Data listing
-*-

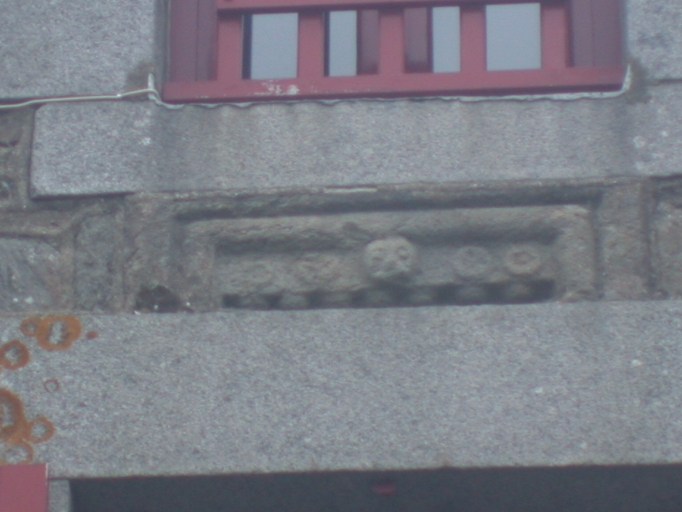 Détail, remploi d'une pierre sculptéeImmatriculation
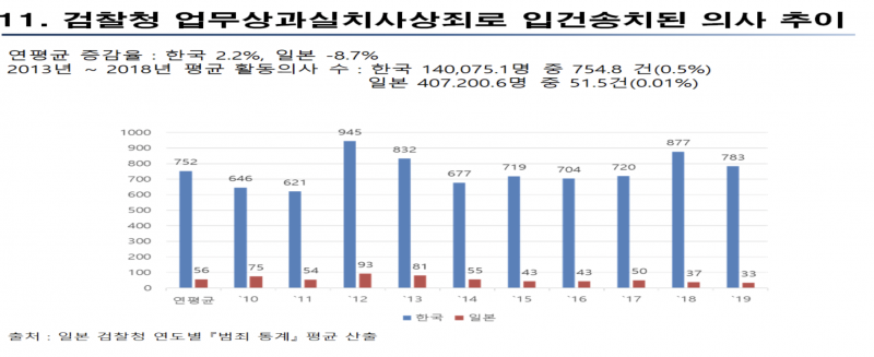연구원은 "일본의 2011~2015년 업무상과실치사상죄로 의사가 기소되는 평균 기소율은 6.5%에 불과하다"며 "동일 기준을 적용 시 한국은 38배 높으며, 한국 검찰 통계 적용 시 격차는 265배까지 확대된다"고 설명했다.
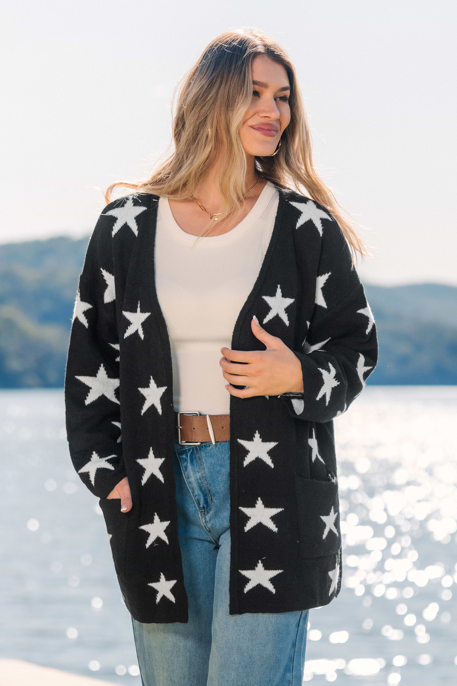 The Caroline Star Cardigan is effortlessly chic with a playful twist! Its open front and long sleeves create a relaxed silhouette perfect for layering over everything from casual tees to dresses for an easy, stylish look.
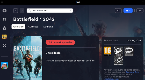 This often happens when the age of your account does not meet the requirements for the game in question, BF2042, which is prohibited for players under the age of 16.
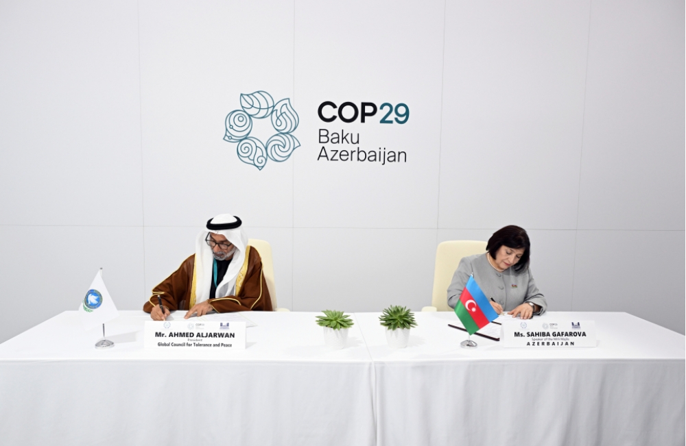Sənədi Azərbaycan tərəfindən Milli Məclisin sədri Sahibə Qafarova, Tolerantlıq və Sülh naminə Beynəlxalq Parlament tərəfindən isə Qlobal Tolerantlıq və Sülh Şurasının sədri Əhməd Məhəmməd Əlcərvan imzalayıblar.
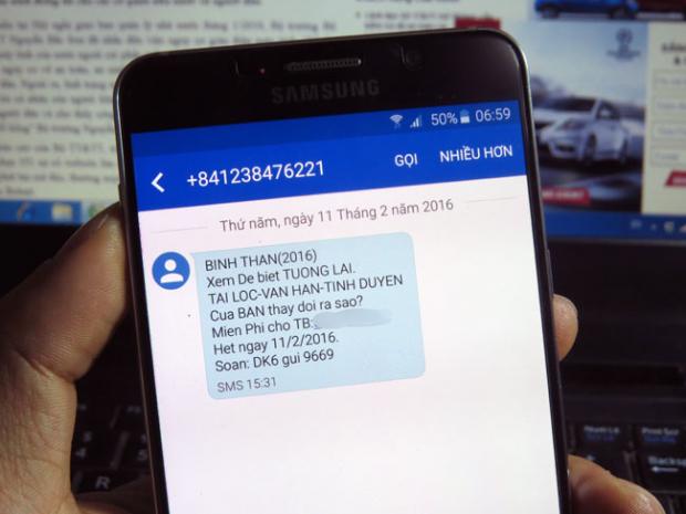 Một tin nhắn rác mời xem vận hạn, tình duyên phát tán dịp Tết Bính Thân. Ảnh: Nguyên Đức.
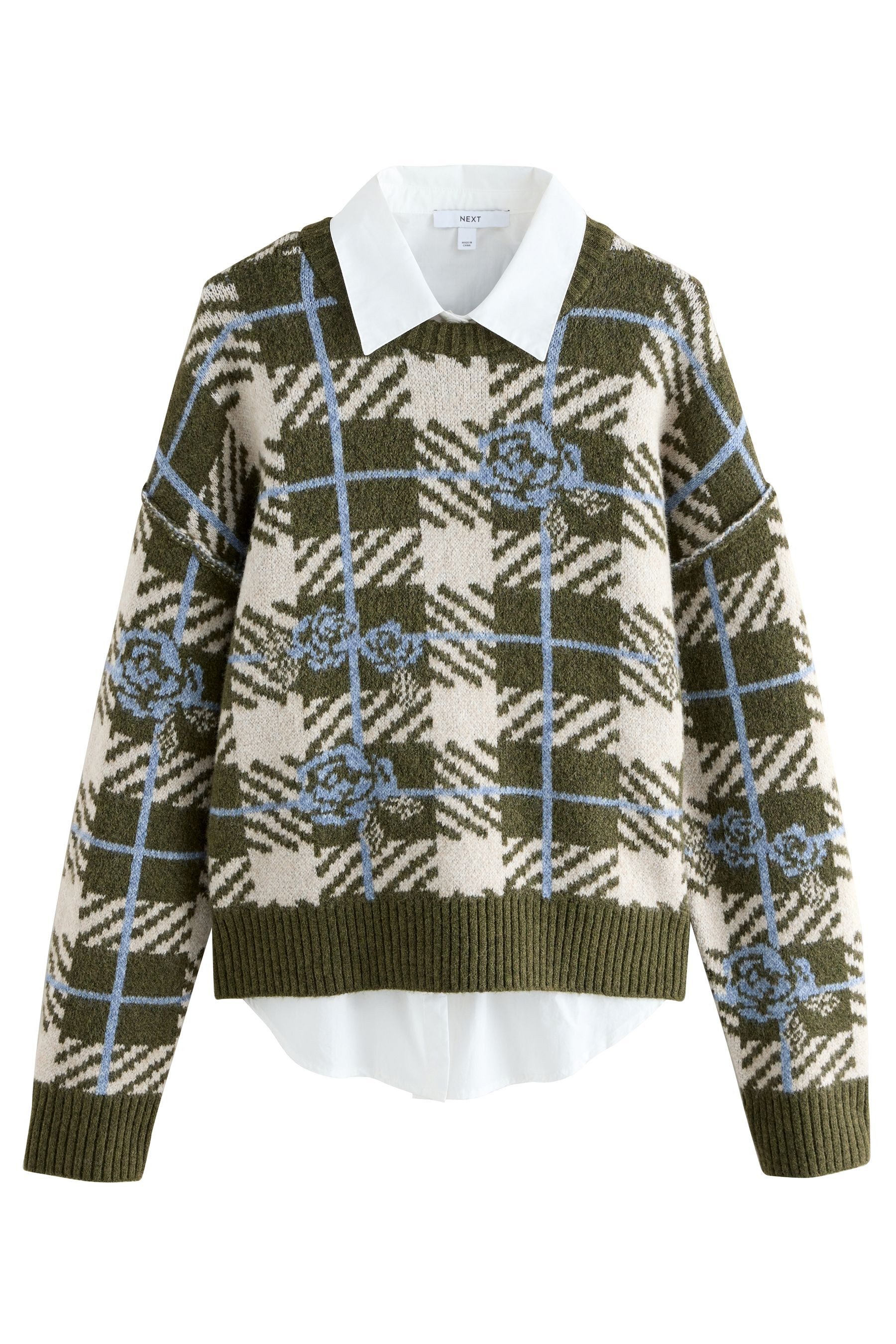 Materialzusammensetzung | Pullover: 52 % Polyester (recycelt), 37 % Polyacryl, 8 % Wolle, 3 % Elasthan. Bluse: 100 % Baumwolle. |

-*-

Task directions
Type out the entries again without a single change, and leave the pictures out.

Exercise solution
 Détail, remploi d'une pierre sculptéeImmatriculation
연구원은 "일본의 2011~2015년 업무상과실치사상죄로 의사가 기소되는 평균 기소율은 6.5%에 불과하다"며 "동일 기준을 적용 시 한국은 38배 높으며, 한국 검찰 통계 적용 시 격차는 265배까지 확대된다"고 설명했다.
 The Caroline Star Cardigan is effortlessly chic with a playful twist! Its open front and long sleeves create a relaxed silhouette perfect for layering over everything from casual tees to dresses for an easy, stylish look.
 This often happens when the age of your account does not meet the requirements for the game in question, BF2042, which is prohibited for players under the age of 16.
Sənədi Azərbaycan tərəfindən Milli Məclisin sədri Sahibə Qafarova, Tolerantlıq və Sülh naminə Beynəlxalq Parlament tərəfindən isə Qlobal Tolerantlıq və Sülh Şurasının sədri Əhməd Məhəmməd Əlcərvan imzalayıblar.
 Một tin nhắn rác mời xem vận hạn, tình duyên phát tán dịp Tết Bính Thân. Ảnh: Nguyên Đức.
 Materialzusammensetzung | Pullover: 52 % Polyester (recycelt), 37 % Polyacryl, 8 % Wolle, 3 % Elasthan. Bluse: 100 % Baumwolle. |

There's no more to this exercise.